He is a liar, a cheat and a scum bag, treat him accordingly. He is not your lover, protector or best friend, he is your enemy. He was none of those things, otherwise, he would not betray you like this.
Spouses often show you who they are when things get tough, your depression revealed the true him. Get rid of him.


----------



## Diana7 (Apr 19, 2016)

Good news about the all clear on the tests. I believe you may need to have more tests in a few months.

I do think the lying is just as bad as the cheating. To know he had cheated but wasn't even man enough to tell the truth when confronted is double the hurt.

From what you have said he isn't in the least repentant either.
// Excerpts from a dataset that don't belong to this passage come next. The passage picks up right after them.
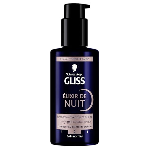 Schwarzkopf - GLISS - Elixir de Nuit - Reconstruit la Fibre Capillaire - Haptiq System - Complexe Ionique - Longueurs & Pointes Fourchues - Cheveux 100% Plus Forts - Soin Normal - Sans Rinçage - 100ml
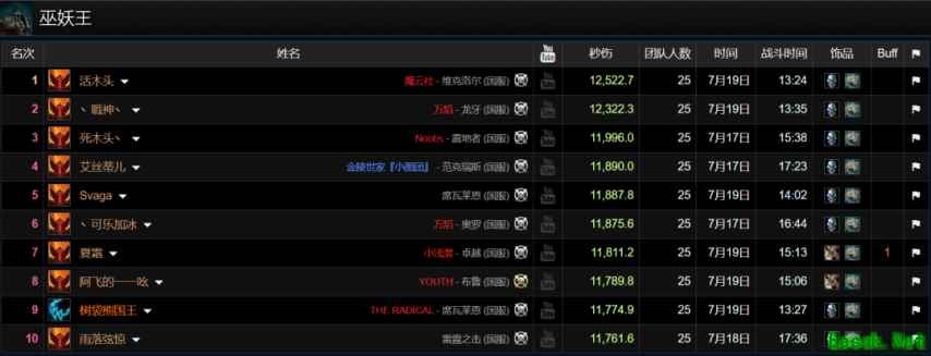 巫妖王又变成了狂暴战霸榜,前十名包含9名狂暴战,单单凭借小怪和瓦格里的伤害就能与其他专精拉开距离。
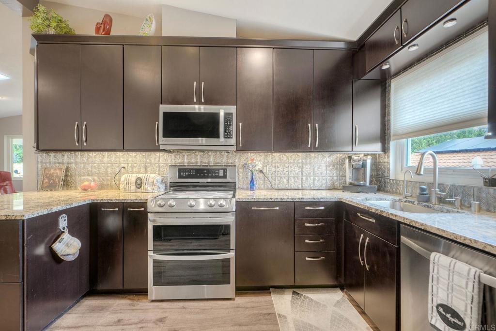 Stunning home beautifully updated! Home offers functionality with a long list of modern enhancements! Wall removed in kitchen to acquire a more open concept*Elegant recessed lighting*brand new kitchen contemporary finishes*granite counters*LED lighting*New flooring for a fresh cohesive look! Bar frig/ wine rack for entertaining* New refrigerator* Energy efficient SOLAR owned*New roof*Murphy bed*Primary remodel bedroom for efficiency*Gorgeous oversized shower with 2 shower heads custom remodeled room extremely efficient* custom front door* new windows with disappearing screens*Sought after west side location *direct access from garage to house*Garage cabinets/shelving *Spacious private yard with natural gas firepit boasting landscape lighting & overhead yard illumination an entertainers dream quiet/private* Own the land, own the house, gated senior community enjoy the ocean breezes!

What do you think you will do?

How old are your children? Can you talk to them if they are adults?


----------



## Tested_by_stress (Apr 1, 2021)

Are your children adults? Could you go stay with one of them until you get on your feet? I'd doubt he just (all of the sudden) started cheating. You most likely just didn't catch him before. Regardless,knowingly exposing you to herpes is an unforgivable act and he doesn't deserve your trust or companionship. Run!


----------



## Gabriel (May 10, 2011)

Sounds like he went off the rails. I'm so sorry.

This hurts more than a parent dying - I know - been there.
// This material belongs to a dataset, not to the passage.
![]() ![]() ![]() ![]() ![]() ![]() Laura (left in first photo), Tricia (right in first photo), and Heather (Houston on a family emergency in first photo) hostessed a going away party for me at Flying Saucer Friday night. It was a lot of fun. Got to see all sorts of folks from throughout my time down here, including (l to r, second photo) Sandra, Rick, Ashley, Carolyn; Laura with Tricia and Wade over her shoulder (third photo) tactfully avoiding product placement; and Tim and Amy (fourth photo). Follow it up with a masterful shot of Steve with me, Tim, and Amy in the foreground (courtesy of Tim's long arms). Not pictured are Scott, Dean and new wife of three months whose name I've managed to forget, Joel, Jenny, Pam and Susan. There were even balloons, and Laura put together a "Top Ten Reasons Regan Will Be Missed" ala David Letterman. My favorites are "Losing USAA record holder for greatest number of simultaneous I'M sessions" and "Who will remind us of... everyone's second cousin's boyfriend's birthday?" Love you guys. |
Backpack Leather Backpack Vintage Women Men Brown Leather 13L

My recommendations are as follows:

1) if your kids are teens or older, tell them
2) talk to an attorney
3) do not have sex with your H, do not sleep in the same bed, do not let him touch you

He sounds remorseless. The only thing that will bring him to his senses is swift, decisive action. As in, divorce papers. Guessing if he gets those, he'll start begging and pleading and offer "the truth".


----------



## Benbutton (Oct 3, 2019)

I feel really bad about your story, I've been there as well and it can be an unbearable pain. You will get through this.

One thing I would like to advise on - DO NOT let him justify his behavior based on your depression. A good spouse does not forsake their SO because of depression, they stick by you and support you through it.


----------



## re16 (Oct 9, 2012)

Sorry you are here. The person you thought he was never existed. You need to realize that. You can't hold on to the image you have of him in your mind because it is false.
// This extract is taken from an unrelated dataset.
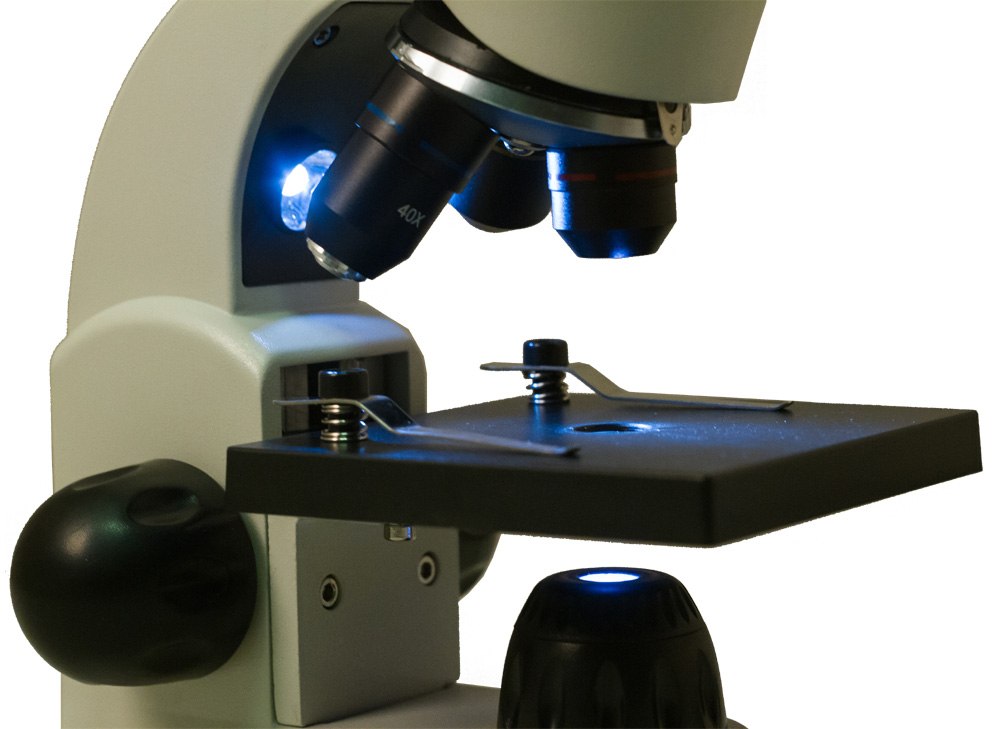 Микроскоп снабжен двумя яркими светодиодными осветителями. Нижняя подсветка нужна для изучения прозрачных препаратов, например артемий в воде из аквариума или тончайших срезов растений. Чтобы разглядеть непрозрачные препараты (микроскопические волокна бумаги или структуру камня), используется верхний осветитель. Прибор позволяет исследовать и полупрозрачные образцы – для этого включите обе подсветки одновременно. Для каждого препарата легко подобрать подходящий уровень освещения – яркость регулируется.

Tell him he is a liar and ghost him. Have him served.

There is no way you can continue this. You'd literally be risking your life.


----------



## Openminded (Feb 21, 2013)

Serial cheaters almost never change. I was married to one for decades because I believed him when he said he had changed. He lied. If you stay you’ll never again trust him (or at least you shouldn’t). It’s a difficult life and I don’t recommend it.


----------



## rugswept (May 8, 2019)

Yes, this is living hell. You're reacting in a very normal way. A case of that kind is particularly atrocious. I can't imagine going along in a good relationship and then suddenly have a feral cat as an H. My goodness. 

Yes, you must separate, detach, desist. He's of danger to your health. He took the chance of a life affliction and then give it to you. You're done. You have to be. 

See a D attorney. We all know the pain and the agony, the emotional rollercoaster, the massacre of self esteem, a complete questioning of everything we have ever been. There is going to be pain no matter what. Try to contain it and start moving on as soon as you can. He has ceased to exist. 

Do anything that consumes time, or that you maybe can do that challenges you but you like the challenge (like physical workouts, e.g.). You have to manage you and start doing everything that can keep you active. 

Good Luck.


----------